For years, Airbnb ran with two parallel systems:
- Split Fee: The “classic” model. Hosts paid about 3%, while guests paid a 14–16% service fee.
- Host-Only Fee (called Simplified Pricing or Single Fee by Airbnb): Airbnb charged hosts around 15%, with no separate guest service fee. Since 2020 (rolled out globally thereafter), this has already been mandatory for software-connected property managers in Europe (Airbnb’s “simplified pricing“) and strongly encouraged elsewhere.
Now, Airbnb is ending the split fee everywhere. By December 1, 2025, all hosts — large or small, PMS-connected or not — will be on the host-only fee (~15.5%).
📅 Timeline
- Aug 25, 2025 → New PMS-connected hosts must use Single Fee.
- Oct 27, 2025 → Most PMS-connected hosts worldwide automatically move to 15.5% Single Fee.
- Dec 1, 2025 → Most non-PMS hosts (individual hosts, small operators) also move to 15.5% Single Fee.
- Exemption: Hotel listings under Airbnb Travel LLC contracts.
🏠 Implications for Hosts
U.S. Small Hosts
- Biggest impact: They’ve been enjoying the split model (3% host fee) until now.
- Moving to 15.5% means their cost of distribution goes upto 5x overnight.
- Likely response: Hosts may raise rates to protect margins. But higher rates could reduce bookings.
U.S. Property Managers
- For years, many U.S. property managers also benefited from the split-fee setup, which made Airbnb look cheaper than Booking.com or Vrbo from their side.

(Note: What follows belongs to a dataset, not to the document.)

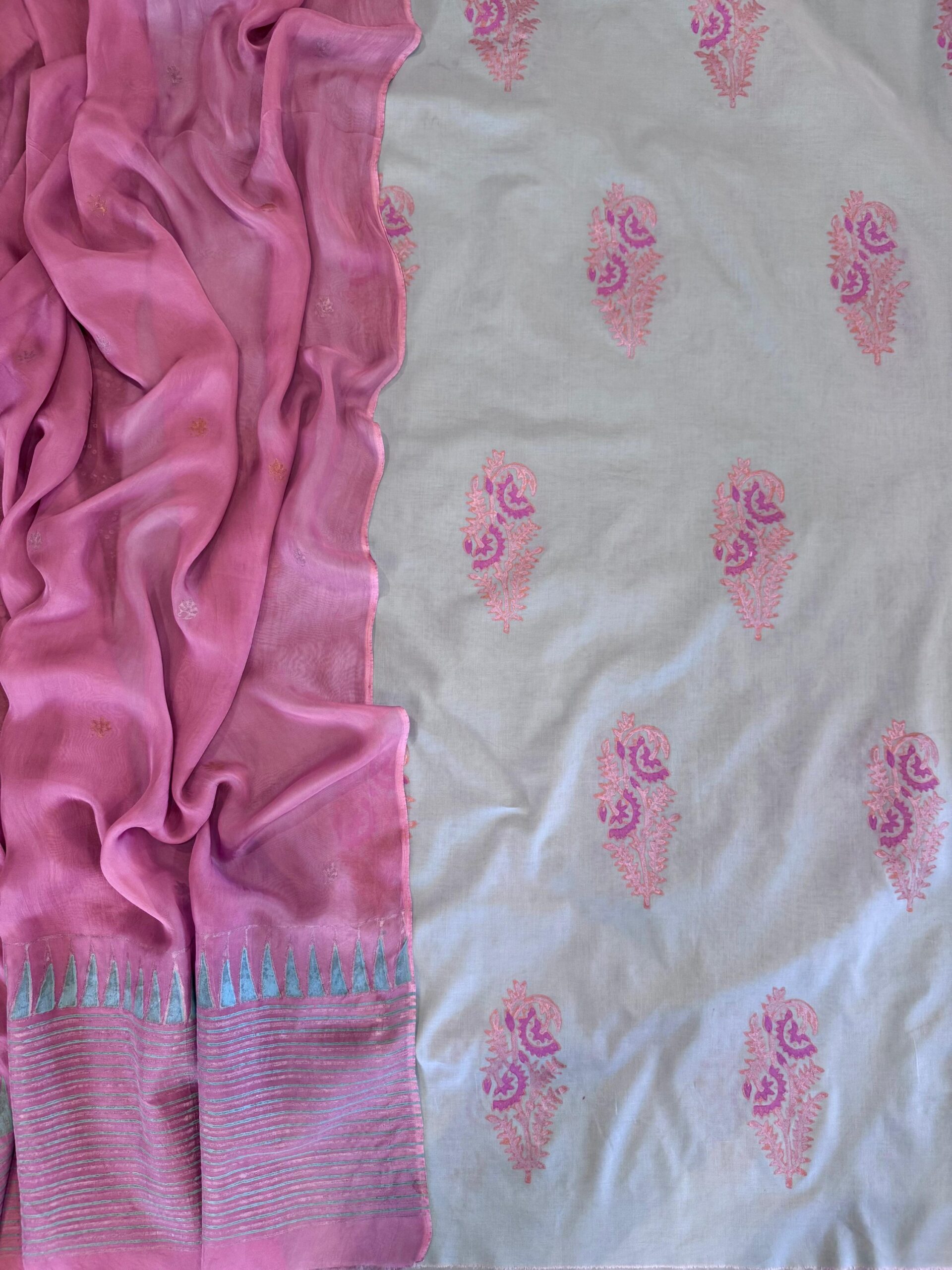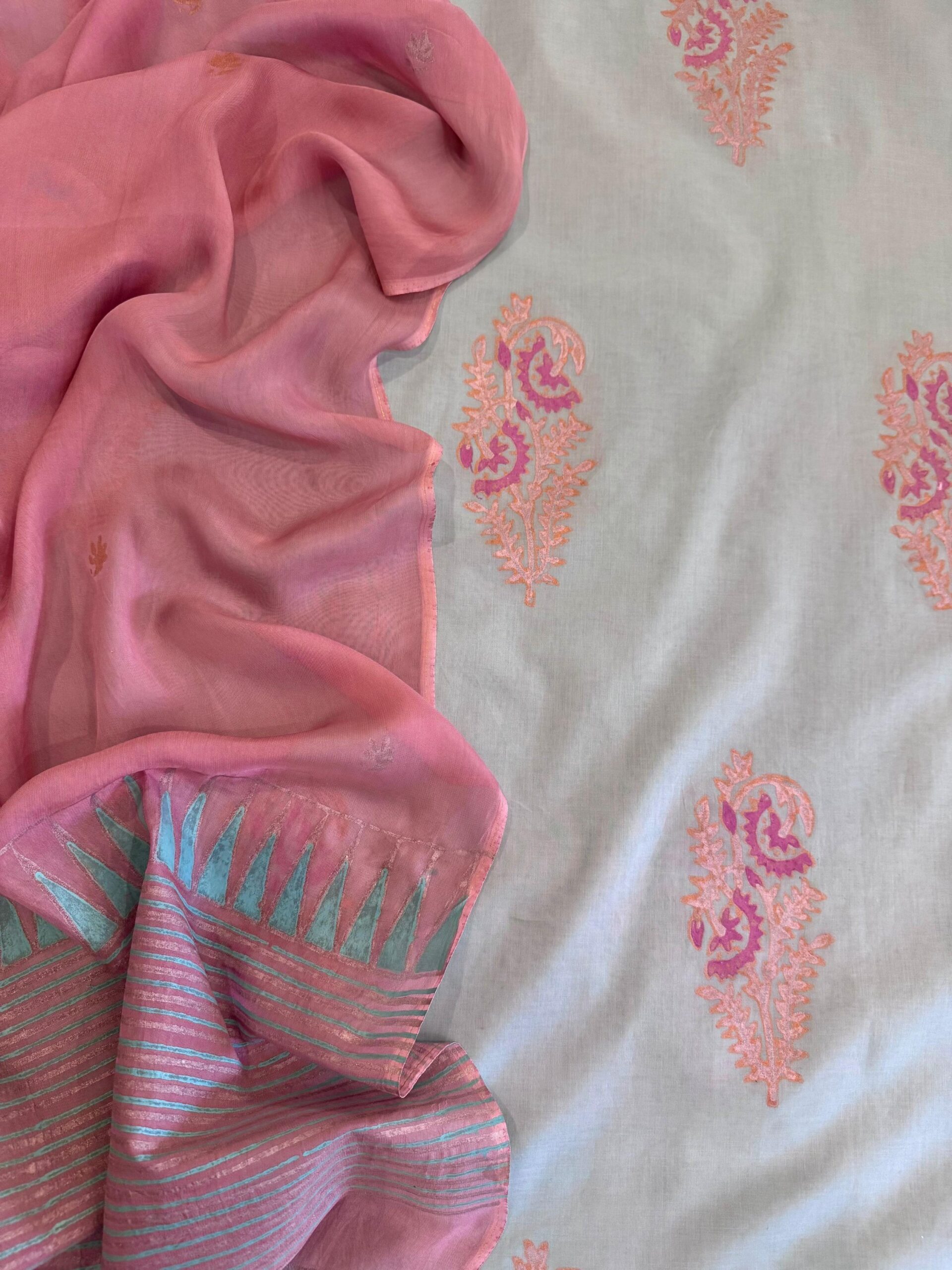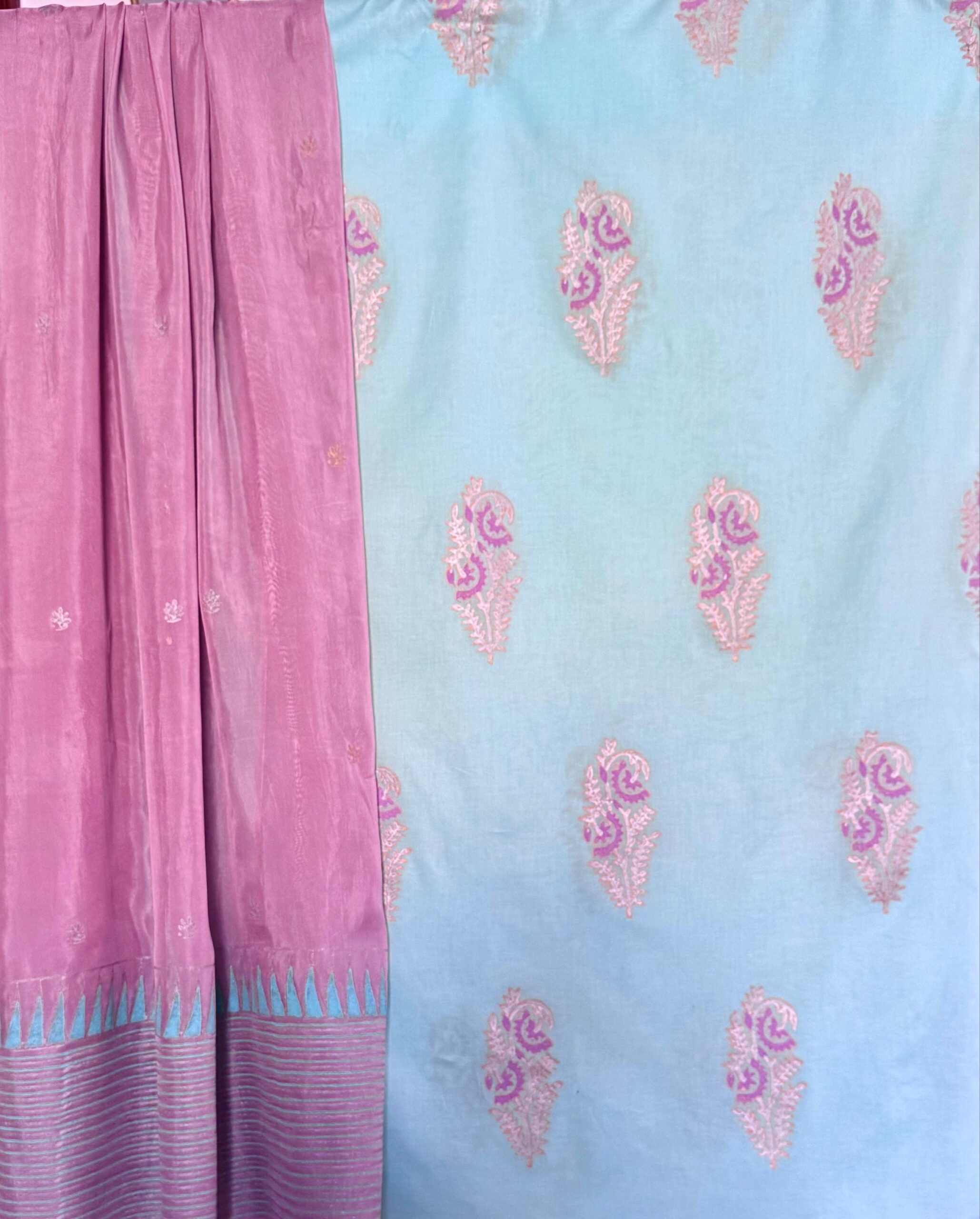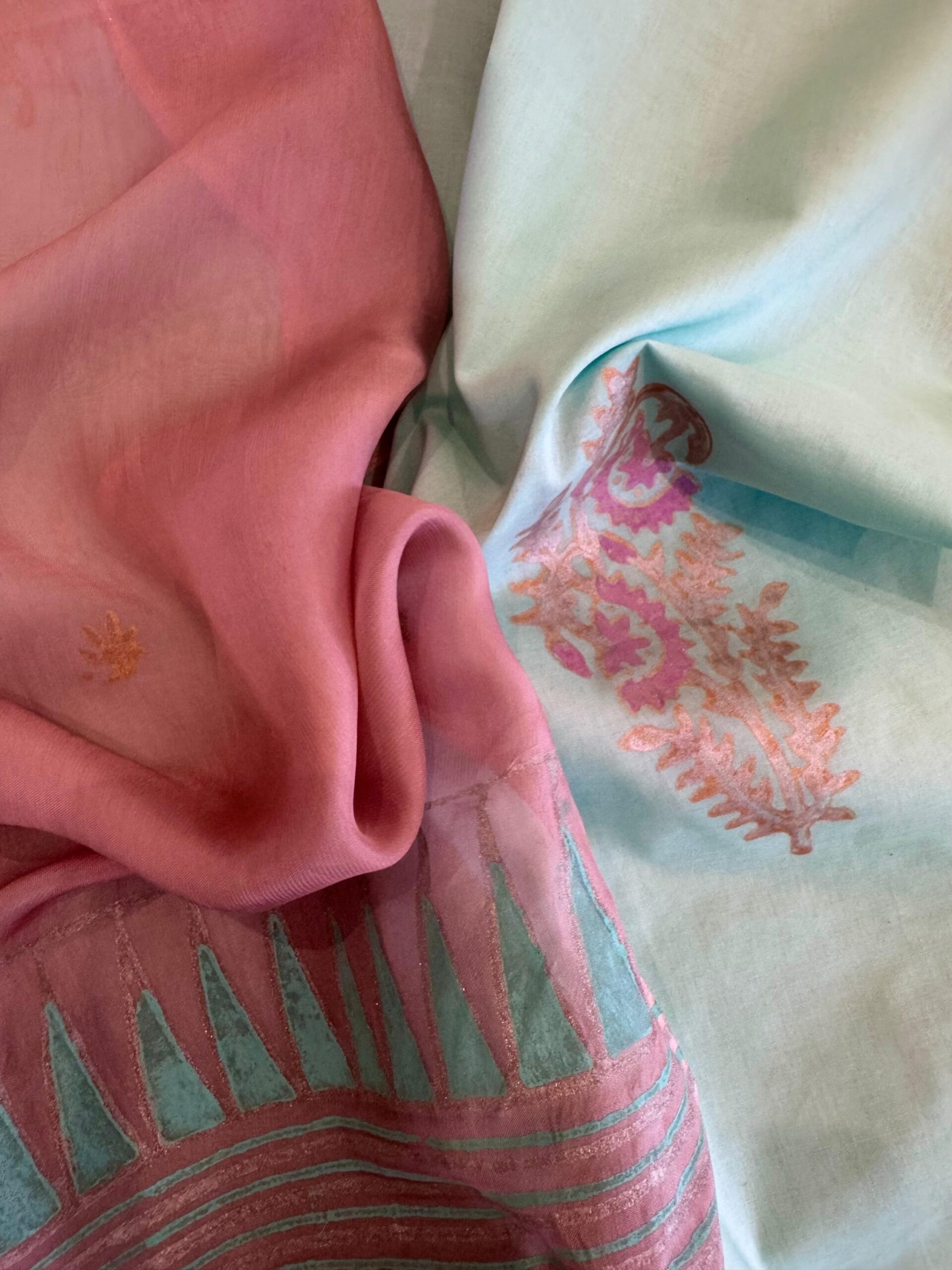 Whispering hues of light turquoise meet the gentle charm of tea pink. A hand block-printed shirt paired with a silk dupatta that moves with quiet elegance.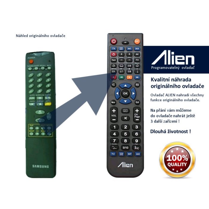 Náhradní dálkový ovladač, většina funkcí stejných jako u originálního ovládání. Dlouhá životnost, kvalitní provedení. Ihned k použití!

- With the shift to 15.5% host-only fees, U.S. managers now face channel cost parity with Booking.com (~15%), while Vrbo remains cheaper (~8%).
- This will trigger tough strategic questions:
- Should they align pricing across channels now that Airbnb is no longer cheaper?
- Should they rebalance inventory toward Vrbo or Booking.com, where the economics are better?
- Or should they accept Airbnb’s higher cost if guest demand remains stronger there?
- For multi-channel managers, this change will force a more deliberate channel mix strategy — not just relying on Airbnb’s brand power, but weighing cost vs. demand.
Property Managers in Europe
- Less dramatic: PMS-connected managers have already been under host-only (Simplified Pricing) since 2020.
- What’s new: even non-PMS European hosts (smaller operators) lose access to split fee in December 2025.
Cleaning Fees and Extras
- Remember: the Airbnb host service fee applies to the total booking amount, which means:
- Nightly rate
- Cleaning fee
- Additional guest fees
- Under the split fee, only 3% was deducted from these amounts. Under the host-only fee, it’s now 15.5%.
- This means that if you don’t adjust, Airbnb will now take five times more from your cleaning fee as well.
- To keep your net cleaning payout the same, you may want to recalculate:
- New Cleaning Fee ≈ Old Cleaning Fee × 1.1479(That multiplier offsets the jump from 3% to 15.5% host service fee.)
Strategic Challenge for All Hosts
- Hosts will have to rethink pricing strategy:
- Do you increase rates and cleaning fees to pass on the higher fee?
- Absorb some of the cost to stay competitive?
- Rebalance reliance on Airbnb versus Booking.com, Vrbo, or direct bookings?
👤 Implications for Guests
- No more Airbnb service fee line item: checkout is cleaner, no surprises.
- Higher nightly rates are likely (as hosts pass costs along).
- Perception shift: Guests tend to dislike service fees. Even if the total price is the same or slightly higher, removing the “Airbnb service fee” line can boost conversion rates.
- Better comparability: On metasearch (e.g., Google Travel, Kayak) or OTA comparisons, Airbnb prices will now look more directly comparable to Booking.com.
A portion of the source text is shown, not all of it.